WORK INSTRUCTIONS => The answer should be an exact repeat of the stretch of material below from the line containing "Enya è un letto" through the line containing "表面仕上/血溝/鞘/鞘備考 | 黒槌目/ヒなし/木鞘オイルステン/牛皮バンドチョコ色 |".

EXTRACTED MATERIAL =>
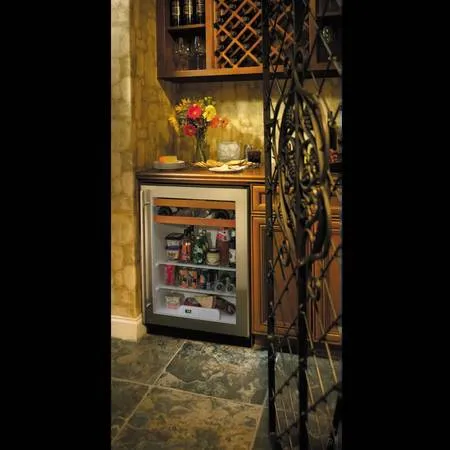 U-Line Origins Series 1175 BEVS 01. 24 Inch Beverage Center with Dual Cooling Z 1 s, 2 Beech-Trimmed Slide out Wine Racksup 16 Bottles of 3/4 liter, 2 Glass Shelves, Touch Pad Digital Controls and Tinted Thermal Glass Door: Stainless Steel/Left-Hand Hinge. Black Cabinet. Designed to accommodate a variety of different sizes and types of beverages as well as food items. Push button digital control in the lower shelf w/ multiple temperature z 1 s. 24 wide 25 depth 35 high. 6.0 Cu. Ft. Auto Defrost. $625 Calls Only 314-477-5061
==
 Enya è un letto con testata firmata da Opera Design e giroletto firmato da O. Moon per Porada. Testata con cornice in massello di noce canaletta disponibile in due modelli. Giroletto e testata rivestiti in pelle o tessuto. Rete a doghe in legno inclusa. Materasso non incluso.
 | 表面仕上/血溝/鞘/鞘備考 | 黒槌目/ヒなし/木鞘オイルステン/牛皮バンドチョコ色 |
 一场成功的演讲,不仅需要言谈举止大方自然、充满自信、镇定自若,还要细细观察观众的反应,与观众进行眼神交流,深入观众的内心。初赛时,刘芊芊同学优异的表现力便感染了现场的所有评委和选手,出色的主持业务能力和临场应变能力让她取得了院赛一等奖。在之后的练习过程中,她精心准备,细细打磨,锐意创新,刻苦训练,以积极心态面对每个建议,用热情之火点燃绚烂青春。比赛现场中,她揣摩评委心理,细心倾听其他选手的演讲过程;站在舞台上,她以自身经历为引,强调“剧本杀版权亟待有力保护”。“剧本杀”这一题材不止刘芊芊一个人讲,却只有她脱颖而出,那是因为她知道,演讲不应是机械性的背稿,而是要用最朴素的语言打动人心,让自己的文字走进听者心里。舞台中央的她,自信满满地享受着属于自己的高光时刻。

EXPECTED ANSWER =>
 Enya è un letto con testata firmata da Opera Design e giroletto firmato da O. Moon per Porada. Testata con cornice in massello di noce canaletta disponibile in due modelli. Giroletto e testata rivestiti in pelle o tessuto. Rete a doghe in legno inclusa. Materasso non incluso.
 | 表面仕上/血溝/鞘/鞘備考 | 黒槌目/ヒなし/木鞘オイルステン/牛皮バンドチョコ色 |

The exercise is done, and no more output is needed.